Support Alibaba-NLP/gte-Qwen2-7B-instruct embedding Model by zhaochenyang20 · Pull Request #1186 · sgl-project/sglang

zhaochenyang20 · 2024-08-22T15:03:31Z

Motivation

Current SGLang only supports the e5-mistral embedding model. I added Alibaba-NLP/gte-Qwen2-7B-instruct model in this PR.

Also, previously SGLang determines a model as an embedding model through its hf_config.architectures. But gte model has the same architecture as CausalLM. So I added a new parameter in the server_args and changed the forward function of Qwen2ForCausalLM.

Modifications

Changed the forward function of Qwen2ForCausalLM.
Added a new parameter is_embedding in server_args.
Some related changes.
Added unit tests for gte models. (both in the generation and embedding tests. I used rouge-L score in the generation tests)
Changed readme.

Checklist

Format your code according to the Contributor Guide.
Add unit tests as outlined in the Contributor Guide.
Update documentation as needed, including docstrings or example tutorials.

zhaochenyang20 · 2024-08-23T07:24:33Z

@Ying1123 I added gte in the generation model test. Note that I changed the prefill tolerance accordingly and added the rouge-l metric instead of assert output_strs exactly the same.

hnyls2002 · 2024-08-26T00:20:52Z

+        import multiprocessing as mp
+
+        try:
+            mp.set_start_method("spawn")


Why would this be needed?

llmforever · 2024-08-28T06:25:12Z

@zhaochenyang20
您好，使用您提交的这个方法，和原始transformer与sentence transformer得到的embedding差距都很大，并且效果不好，您能帮忙看看吗？7B/1.5B的模型都测试过了
different result compare with orginal transformer backend,why?

prompt = “hello world”
sglang:
import openai
client = openai.Client(
base_url="http://localhost:30000/v1", api_key="EMPTY")
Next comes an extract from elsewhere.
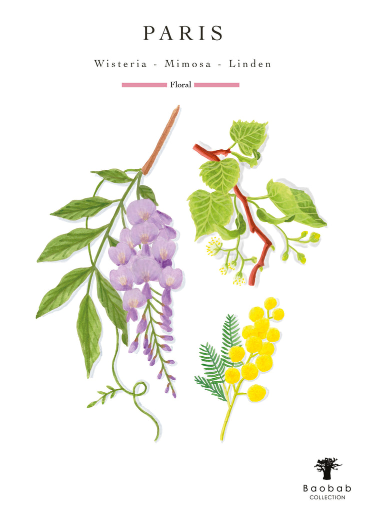 The My First Baobab Paris Candle celebrates the timeless elegance of the City of Light. Encased in a glass vessel decorated with a delicate gold and powder pink silkscreen design, it captures the romantic allure of Parisian streets in bloom. The scent opens with soft notes of wisteria, mimosa, and linden, creating a floral and luminous fragrance that feels both classic and modern.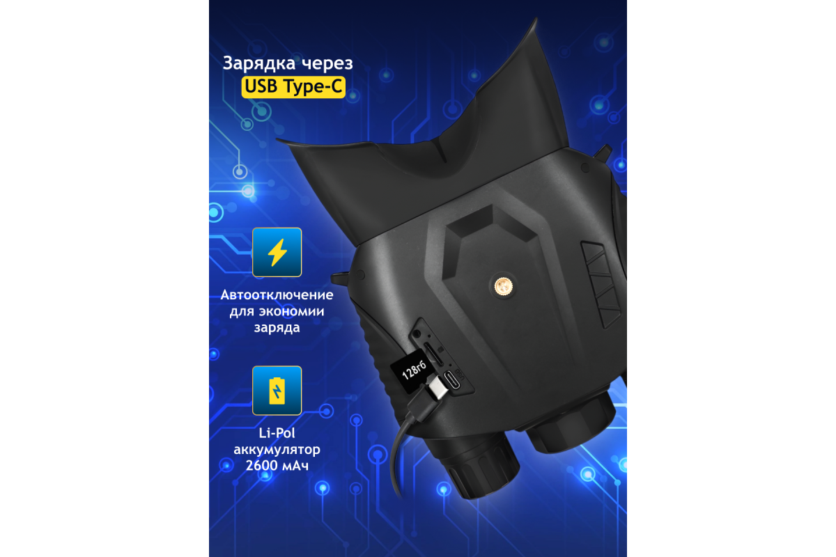 Цифровой бинокль Levenhuk Halo 50XN GPS имеет встроенный рекордер, позволяющий снимать фото и видео с охоты, не отвлекаясь от работы. Пользователь может выбрать разрешение записываемых медиаматериалов: 2,5K UHD/1080р FHD/720р для видео и 15/12/10/8/5/3 Мпикс для фото. Отснятые материалы сохраняются на карту памяти microSD объемом до 128 ГБ (в комплект поставки не входит). Бинокль питается от аккумулятора типа 18650 3,7 В 2600 мАч, для его полной зарядки потребуется всего 2 часа. Кабель зарядки подключается через порт Type-C.

response = client.embeddings.create(
model="default",
input=prompt ,
)

transformer：
tokenizer = AutoTokenizer.from_pretrained('Alibaba-NLP/gte-Qwen2-7B-instruct', trust_remote_code=True)
model = AutoModel.from_pretrained('Alibaba-NLP/gte-Qwen2-7B-instruct', trust_remote_code=True)

max_length = 8192

batch_dict = tokenizer(prompt, max_length=max_length, padding=True, truncation=True, return_tensors='pt')
outputs = model(**batch_dict)
embeddings = last_token_pool(outputs.last_hidden_state, batch_dict['attention_mask'])

embeddings = F.normalize(embeddings, p=2, dim=1)

zhaochenyang20 · 2024-09-01T23:55:56Z

@llmforever hello. Sorry, I haven't noticed this before. Do you still need to fix this? Actually, we have a unit test for this in test/srt/models/test_embedding_models.py. The logits here is indeed closed.

Also, I don't understand what did you mean by "perform not so well". Could you provide your running snifts and your serving command for SGLang.

And, does e5-mistral also have this problem? Or only get?

thomZ1 · 2024-09-02T05:30:40Z

The same problem, I tried using the SGLang OpenAI API and SentenceTransformer with the same prompt, but the output embeddings were different.

zhaochenyang20 · 2024-09-02T09:41:13Z

Yeah. The embedding could be different due to a lot of reasons. @llmforever

You can check this unit test: https://github.com/sgl-project/sglang/blob/main/test/srt/models/test_embedding_models.py

We set a tolerance value for the embedding difference.

Also, please try the e5-mistral model and give us the embedding difference.

https://huggingface.co/intfloat/e5-mistral-7b-instruct

@Ying1123 Do you think the difference provided is tolerable?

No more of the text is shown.